N.J.S.A. 17:28-1.1e(2) defines uninsured vehicle as:
(a) a motor vehicle with respect to the ownership,
operation, maintenance, or use of which there is no
bodily injury liability insurance . . . ;
(b) a motor vehicle with respect to the ownership,
operation, maintenance, or use of which there is bodily
injury liability insurance in existence but the
liability insurer denies coverage or is unable to make
payment with respect to the legal liability of its
insured . . .;
(c) a hit and run motor vehicle as described in section
18 . . . .
Uninsured motor vehicle shall not include . . . a motor
vehicle owned by or furnished for the regular use of the named
insured or any resident of the same household . . . . (emphasis
added).
Footnote: 2The liability portion provides coverage for 'bodily
injury' or 'property damage' for which any insured becomes
legally responsible because of an auto accident, and defines an
insured as [a]ny person using your 'covered auto.' It
excludes [a]ny person using a vehicle without a reasonable
belief that person is entitled to do so.
Similarly, the UM portion states that MTF will pay damages
which an 'insured' is legally entitled to recover form the owner
or operator of an 'uninsured motor vehicle' because of 'bodily
injury': . . . . The UM portion also defines insured as
[y]ou or any 'family member [or] . . . [a]ny other person
'occupying' your covered auto. . . . It excludes from coverage
any vehicle . . . [o]wned by or furnished or available for the
regular use of you or any 'family member' [in addition to]
'bodily injury' sustained by any person: . . . [w]hile
'occupying,' or when struck by any motor vehicle owned by you or
any 'family member' which is not insured for this coverage under
this policy. . .
Footnote: 3Of course, there is another possibility, that plaintiff
actually knows the name of the driver. If she is concealing the
name to shield that person from liability, civil or criminal, she
will be barred from any recovery and will be herself subject to
sanctions.
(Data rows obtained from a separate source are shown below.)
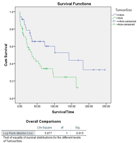 Tumour size also showed a significant association with survival. Kaplan–Meier analyses comparing tumour size categories without stratification by tumour stage revealed a significant difference in survival between patients with tumours larger than 4 cm and those with tumours 4 cm or smaller (log-rank p = 0.015). Patients with tumours > 4 cm had a median survival of 35 months, compared to 142 months for those with tumours ≤ 4 cm, indicating a significant association between tumour size and survival. While tumour size did not remain significant in the multivariate Cox proportional hazards regression, probably influenced by tumour stage, these Kaplan–Meier results emphasize the importance of tumour size as a predictor of survival: its effect is more pronounced when considered alongside tumour stage (Figure 4).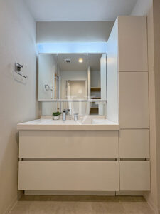 ハンドシャワー水栓を採用したワイドサイズミラーのドレッサー、サイドキャビネット付きで収納力も充実。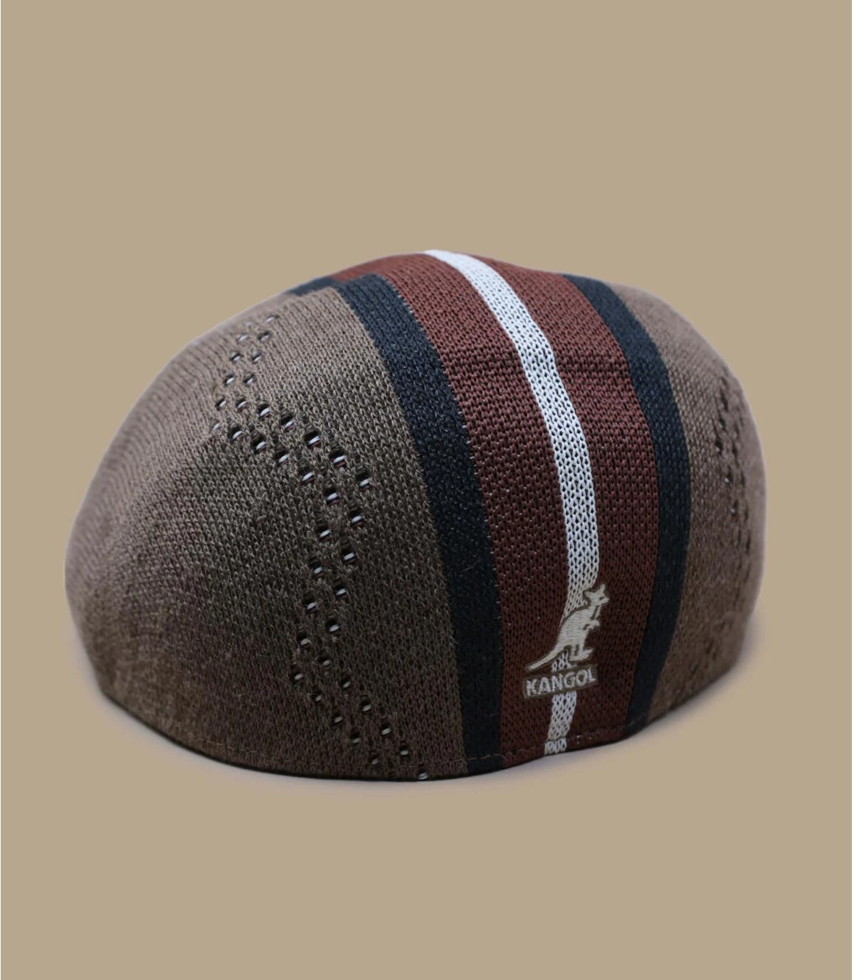 Le béret 507 est une casquette plate qui fait partie des styles originaux de la marque Kangol. Ce modèle de couleur camel est décoré de rayures sur le dessus et sa maille forme un zigzag aéré.

Resolution of that issue is better suited for the
trial court.
Footnote: 4We note that in the analogous situation of a hit-and-run
driver operating an insured car, suit would be brought not
against a John Doe, but directly against the Director of the
Division of Motor Vehicles as custodian of the Uninsured Motorist
Fund. N.J.S.A. 39:6-78; see also High v. Southwestern Ins. Co.,
520 P.2d 662, 666 (Okla. 1974) (holding where John Doe hit-and-run driver was tortfeasor, that injured party was permitted to
sue defendant under UM clause, even though damages and owner and
driver of damaging vehicle were not identifiable).